Correct understanding: Count only the positions where a single consecutive character group could be reduced.

2. Off-by-One Error in Base Count

Developers often forget to include the original string (no mistakes) in the count, or accidentally double-count it.

Wrong:

def possibleStringCount(word):
    # Only counts the mistake positions, forgets the original
    return sum(word[i] == word[i+1] for i in range(len(word)-1))

Correct:

def possibleStringCount(word):
    # Adds 1 for the case where no mistake was made
    return 1 + sum(word[i] == word[i+1] for i in range(len(word)-1))

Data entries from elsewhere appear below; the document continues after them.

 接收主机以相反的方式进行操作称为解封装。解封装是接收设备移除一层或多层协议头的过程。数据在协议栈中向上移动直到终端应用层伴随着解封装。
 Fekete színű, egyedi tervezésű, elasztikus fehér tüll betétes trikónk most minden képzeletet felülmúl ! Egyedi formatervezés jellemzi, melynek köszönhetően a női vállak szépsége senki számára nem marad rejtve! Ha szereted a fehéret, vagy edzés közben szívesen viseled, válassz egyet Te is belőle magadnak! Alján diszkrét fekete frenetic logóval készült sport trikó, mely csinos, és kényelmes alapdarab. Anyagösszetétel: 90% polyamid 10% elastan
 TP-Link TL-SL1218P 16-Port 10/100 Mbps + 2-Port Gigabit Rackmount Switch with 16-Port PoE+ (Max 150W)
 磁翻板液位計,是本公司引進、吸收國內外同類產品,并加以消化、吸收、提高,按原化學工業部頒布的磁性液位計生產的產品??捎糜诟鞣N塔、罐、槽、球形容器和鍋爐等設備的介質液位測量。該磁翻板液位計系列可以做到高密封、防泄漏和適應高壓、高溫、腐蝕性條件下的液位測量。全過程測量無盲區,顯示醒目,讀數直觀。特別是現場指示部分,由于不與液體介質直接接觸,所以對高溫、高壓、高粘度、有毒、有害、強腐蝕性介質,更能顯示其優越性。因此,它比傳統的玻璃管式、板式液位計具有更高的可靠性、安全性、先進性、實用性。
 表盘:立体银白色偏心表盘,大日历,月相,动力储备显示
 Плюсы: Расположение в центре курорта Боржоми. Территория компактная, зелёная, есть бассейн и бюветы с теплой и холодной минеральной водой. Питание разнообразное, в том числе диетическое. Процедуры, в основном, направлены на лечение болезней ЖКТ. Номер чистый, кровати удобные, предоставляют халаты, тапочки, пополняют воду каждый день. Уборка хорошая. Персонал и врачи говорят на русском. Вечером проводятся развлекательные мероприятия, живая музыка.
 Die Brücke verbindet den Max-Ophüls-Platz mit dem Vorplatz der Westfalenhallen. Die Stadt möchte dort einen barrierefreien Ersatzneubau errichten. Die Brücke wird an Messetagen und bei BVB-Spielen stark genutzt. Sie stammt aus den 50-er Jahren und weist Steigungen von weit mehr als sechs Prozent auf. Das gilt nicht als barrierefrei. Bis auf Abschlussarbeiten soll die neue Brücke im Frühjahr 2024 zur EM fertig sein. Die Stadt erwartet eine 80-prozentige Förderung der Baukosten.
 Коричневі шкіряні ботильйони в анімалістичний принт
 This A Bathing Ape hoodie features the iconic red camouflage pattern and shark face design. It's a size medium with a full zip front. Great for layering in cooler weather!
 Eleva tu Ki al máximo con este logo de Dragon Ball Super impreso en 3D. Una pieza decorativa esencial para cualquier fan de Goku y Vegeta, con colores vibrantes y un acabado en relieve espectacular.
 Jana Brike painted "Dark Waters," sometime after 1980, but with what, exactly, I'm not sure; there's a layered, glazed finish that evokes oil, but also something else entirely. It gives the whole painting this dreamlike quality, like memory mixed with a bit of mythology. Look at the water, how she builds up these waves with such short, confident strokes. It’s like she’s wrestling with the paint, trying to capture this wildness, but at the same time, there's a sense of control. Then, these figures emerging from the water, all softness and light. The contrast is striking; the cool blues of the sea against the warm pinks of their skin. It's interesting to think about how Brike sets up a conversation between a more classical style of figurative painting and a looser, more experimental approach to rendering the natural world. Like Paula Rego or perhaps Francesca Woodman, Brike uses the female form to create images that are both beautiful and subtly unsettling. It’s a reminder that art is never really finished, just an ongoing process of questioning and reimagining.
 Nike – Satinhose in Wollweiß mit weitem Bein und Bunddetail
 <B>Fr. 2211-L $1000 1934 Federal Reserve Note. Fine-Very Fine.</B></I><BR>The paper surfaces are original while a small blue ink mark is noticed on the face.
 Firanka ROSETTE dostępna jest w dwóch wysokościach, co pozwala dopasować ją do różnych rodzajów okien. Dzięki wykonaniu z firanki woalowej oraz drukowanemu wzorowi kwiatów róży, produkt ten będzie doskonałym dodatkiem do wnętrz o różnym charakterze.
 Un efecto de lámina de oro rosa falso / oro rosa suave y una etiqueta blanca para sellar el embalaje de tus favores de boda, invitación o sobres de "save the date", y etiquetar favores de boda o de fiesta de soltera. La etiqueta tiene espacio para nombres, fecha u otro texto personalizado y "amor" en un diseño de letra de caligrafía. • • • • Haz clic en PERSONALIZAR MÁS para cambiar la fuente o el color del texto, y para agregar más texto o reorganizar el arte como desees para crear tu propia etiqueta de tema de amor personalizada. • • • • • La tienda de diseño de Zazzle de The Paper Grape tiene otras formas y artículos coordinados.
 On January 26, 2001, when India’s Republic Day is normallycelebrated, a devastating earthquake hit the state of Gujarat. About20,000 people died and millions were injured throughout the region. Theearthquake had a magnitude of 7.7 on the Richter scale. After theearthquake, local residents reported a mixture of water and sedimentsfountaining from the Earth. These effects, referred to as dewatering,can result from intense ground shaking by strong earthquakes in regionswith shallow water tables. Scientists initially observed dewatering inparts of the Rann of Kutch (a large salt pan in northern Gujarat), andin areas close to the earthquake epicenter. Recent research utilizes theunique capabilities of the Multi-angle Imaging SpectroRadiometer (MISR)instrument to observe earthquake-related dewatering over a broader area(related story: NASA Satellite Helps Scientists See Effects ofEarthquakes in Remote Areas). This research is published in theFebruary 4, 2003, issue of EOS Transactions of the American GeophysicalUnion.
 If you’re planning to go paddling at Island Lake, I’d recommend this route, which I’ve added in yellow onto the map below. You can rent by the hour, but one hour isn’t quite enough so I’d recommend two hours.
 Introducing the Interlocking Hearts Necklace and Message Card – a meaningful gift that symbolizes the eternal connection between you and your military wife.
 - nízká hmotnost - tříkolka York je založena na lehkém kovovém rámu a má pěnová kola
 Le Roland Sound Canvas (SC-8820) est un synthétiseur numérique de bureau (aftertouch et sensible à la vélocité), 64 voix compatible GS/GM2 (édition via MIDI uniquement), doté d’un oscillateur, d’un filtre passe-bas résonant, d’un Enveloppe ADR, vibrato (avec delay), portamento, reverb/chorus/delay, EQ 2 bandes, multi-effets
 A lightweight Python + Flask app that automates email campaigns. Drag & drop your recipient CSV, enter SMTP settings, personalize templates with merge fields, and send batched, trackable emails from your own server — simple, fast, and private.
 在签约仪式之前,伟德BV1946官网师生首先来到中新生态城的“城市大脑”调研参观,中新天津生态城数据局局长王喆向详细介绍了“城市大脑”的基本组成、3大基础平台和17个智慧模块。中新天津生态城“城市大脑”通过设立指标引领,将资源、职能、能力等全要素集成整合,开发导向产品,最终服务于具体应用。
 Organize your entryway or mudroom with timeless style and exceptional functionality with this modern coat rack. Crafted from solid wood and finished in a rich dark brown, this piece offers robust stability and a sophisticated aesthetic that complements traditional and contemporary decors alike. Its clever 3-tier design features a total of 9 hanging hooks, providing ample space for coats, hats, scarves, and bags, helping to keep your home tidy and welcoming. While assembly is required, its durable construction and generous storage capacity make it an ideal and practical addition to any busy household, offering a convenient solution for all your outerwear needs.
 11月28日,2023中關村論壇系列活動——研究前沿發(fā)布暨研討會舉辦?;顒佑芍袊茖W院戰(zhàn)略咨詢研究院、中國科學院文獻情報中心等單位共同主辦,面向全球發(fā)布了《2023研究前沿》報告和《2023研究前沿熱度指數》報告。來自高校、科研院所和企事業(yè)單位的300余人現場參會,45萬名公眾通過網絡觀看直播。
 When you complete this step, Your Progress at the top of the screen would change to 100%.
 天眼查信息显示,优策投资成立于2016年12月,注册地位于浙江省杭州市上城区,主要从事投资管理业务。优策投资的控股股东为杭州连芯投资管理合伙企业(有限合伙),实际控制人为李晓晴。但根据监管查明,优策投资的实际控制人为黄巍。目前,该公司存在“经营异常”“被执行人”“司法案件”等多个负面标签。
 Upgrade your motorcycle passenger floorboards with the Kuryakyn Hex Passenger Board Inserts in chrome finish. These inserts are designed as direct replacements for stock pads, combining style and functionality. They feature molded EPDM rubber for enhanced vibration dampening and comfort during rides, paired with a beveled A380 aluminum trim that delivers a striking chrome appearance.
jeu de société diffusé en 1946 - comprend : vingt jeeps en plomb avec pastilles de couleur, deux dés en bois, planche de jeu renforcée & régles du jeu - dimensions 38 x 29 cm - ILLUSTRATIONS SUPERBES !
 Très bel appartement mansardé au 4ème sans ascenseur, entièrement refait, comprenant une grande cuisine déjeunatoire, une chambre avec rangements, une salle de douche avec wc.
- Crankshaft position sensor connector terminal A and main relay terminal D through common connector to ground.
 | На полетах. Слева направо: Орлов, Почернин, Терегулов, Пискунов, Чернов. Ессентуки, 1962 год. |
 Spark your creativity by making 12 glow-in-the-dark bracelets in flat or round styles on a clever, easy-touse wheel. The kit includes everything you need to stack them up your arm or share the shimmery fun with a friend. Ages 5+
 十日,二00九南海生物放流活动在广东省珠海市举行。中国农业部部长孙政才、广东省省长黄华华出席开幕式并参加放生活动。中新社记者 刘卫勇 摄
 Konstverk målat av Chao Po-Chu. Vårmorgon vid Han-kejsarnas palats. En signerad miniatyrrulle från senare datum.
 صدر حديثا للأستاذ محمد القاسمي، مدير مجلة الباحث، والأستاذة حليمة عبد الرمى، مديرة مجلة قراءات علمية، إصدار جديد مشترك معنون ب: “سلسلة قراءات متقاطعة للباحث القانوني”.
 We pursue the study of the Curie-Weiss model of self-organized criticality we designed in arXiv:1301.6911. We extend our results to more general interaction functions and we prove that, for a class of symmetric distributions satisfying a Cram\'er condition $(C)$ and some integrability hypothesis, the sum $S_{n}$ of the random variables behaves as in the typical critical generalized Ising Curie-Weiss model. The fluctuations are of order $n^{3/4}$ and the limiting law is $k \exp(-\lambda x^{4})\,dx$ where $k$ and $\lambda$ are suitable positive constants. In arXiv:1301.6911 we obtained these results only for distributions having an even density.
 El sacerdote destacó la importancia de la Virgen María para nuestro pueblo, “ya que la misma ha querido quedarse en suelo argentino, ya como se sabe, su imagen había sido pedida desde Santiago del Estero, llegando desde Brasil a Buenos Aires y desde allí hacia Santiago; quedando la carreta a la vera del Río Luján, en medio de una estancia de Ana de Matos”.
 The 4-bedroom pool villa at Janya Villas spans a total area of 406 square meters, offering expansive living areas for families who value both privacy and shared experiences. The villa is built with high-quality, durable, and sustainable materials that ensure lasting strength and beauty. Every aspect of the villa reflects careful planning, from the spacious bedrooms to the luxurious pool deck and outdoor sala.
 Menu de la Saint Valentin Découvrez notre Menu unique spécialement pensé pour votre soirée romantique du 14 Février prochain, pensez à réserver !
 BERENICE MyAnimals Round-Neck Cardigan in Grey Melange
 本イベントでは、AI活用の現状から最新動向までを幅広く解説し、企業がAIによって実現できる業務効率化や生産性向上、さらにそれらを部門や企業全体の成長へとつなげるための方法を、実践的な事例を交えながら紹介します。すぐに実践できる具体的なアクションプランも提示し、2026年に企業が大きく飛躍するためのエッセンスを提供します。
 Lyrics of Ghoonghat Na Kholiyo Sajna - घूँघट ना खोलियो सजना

3. Handling Edge Cases Incorrectly

Failing to handle single-character strings or empty strings properly.

Wrong:

def possibleStringCount(word):
    # This crashes on empty string
    count = 1
    for i in range(len(word) - 1):  # range(-1) causes issues
        if word[i] == word[i + 1]:
            count += 1
    return count

Better approach with edge case handling:

def possibleStringCount(word):
    if len(word) <= 1:
        return 1  # Single char or empty has only one possibility
  
    count = 1
    for i in range(len(word) - 1):
        if word[i] == word[i + 1]:
            count += 1
    return count

4. Overthinking Group Sizes

Some might think they need to track the size of each consecutive character group and apply complex formulas.

Overcomplicated:

def possibleStringCount(word):
    groups = []
    current_group = 1
  
    for i in range(1, len(word)):
        if word[i] == word[i-1]:
            current_group += 1
        else:
            if current_group > 1:
                groups.append(current_group)
            current_group = 1
  
    # Complex calculation based on group sizes
    return sum(g for g in groups) + 1

Simple and correct: The number of adjacent pairs already gives us what we need - each pair represents one possible position where a mistake could have occurred.